Vipashyana meditation, as explained in the lam-rim tradition, is essential for cutting the root of samsara by realizing voidness (emptiness), the opposite of the unawareness that grasps at truly established existence, and must be developed alongside shamatha. One begins with understanding of the lack of an impossible “soul” of a person, and for that practitioners use lines of reasonings such as “neither one nor many” through a four-point analysis that clearly identifies the object to be negated – the false inherently existent “me” – to reach the conviction that this “me” cannot exist as either one or many with its basis of aggregate factors. This analysis leads to total absorption on space-like voidness, where the mind rests single-pointedly in the bare absence of inherent existence, alternating between discerning and stabilizing meditation to maintain both conviction and clarity. In the subsequent attainment (post-meditation period), all conventional phenomena are understood to function like illusions: they appear inherently existent yet are seen as dependent on mental labeling and causes, enabling cause and effect to operate precisely because of their voidness. The same insight is then extended to all phenomena – physical forms, consciousnesses, noncongruent affecting variables and static phenomena such as space and voidness itself – by applying the “neither one nor many” reasoning to show that nothing exists truly independently from its own side.
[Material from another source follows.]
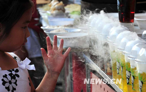 這位小姑娘對(duì)北京王府井小吃街上的“泡泡茶”冒出的氣泡非常好奇(7月29日攝)。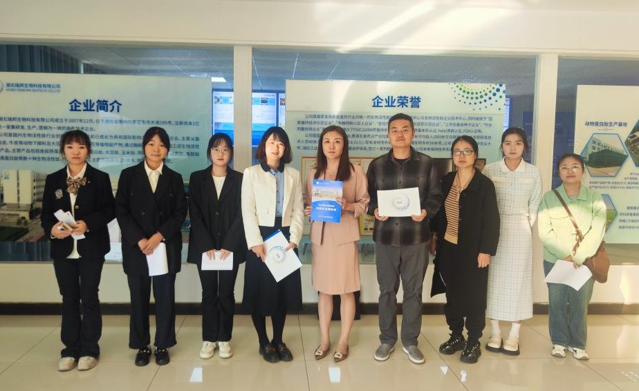 本网讯(通讯员 杨柳)为拓宽员工实习实训和就业渠道,加强校企深度融合、实现资源共建共享,2024年11月6日下午,人文与传媒公司党总支书记王震、管理公司党总支书记胡沿林、辅导员杨柳,管理公司邱思琪、谭永平等5名应届毕业生前往荆州经开区湖北瑞邦生物科技有限公司开展访企拓岗,实习带就业交流活动。

Developing genuine vipashyana requires avoiding four mistaken approaches to voidness meditation, such as blank-mindedness or over-reliance on analysis alone, and instead skillfully alternating analytic discernment with stabilizing concentration. Through repeated practice, the joined pair of shamatha and vipashyana matures into a non-conceptual straightforward cognition of voidness, propelling the practitioner onto the pathway mind of seeing as an arya. On the subsequent accustoming pathway mind, the eight branches of the noble path are cultivated within the three higher trainings, leading ultimately to liberation as an arhat or full enlightenment as a Buddha for the benefit of all beings.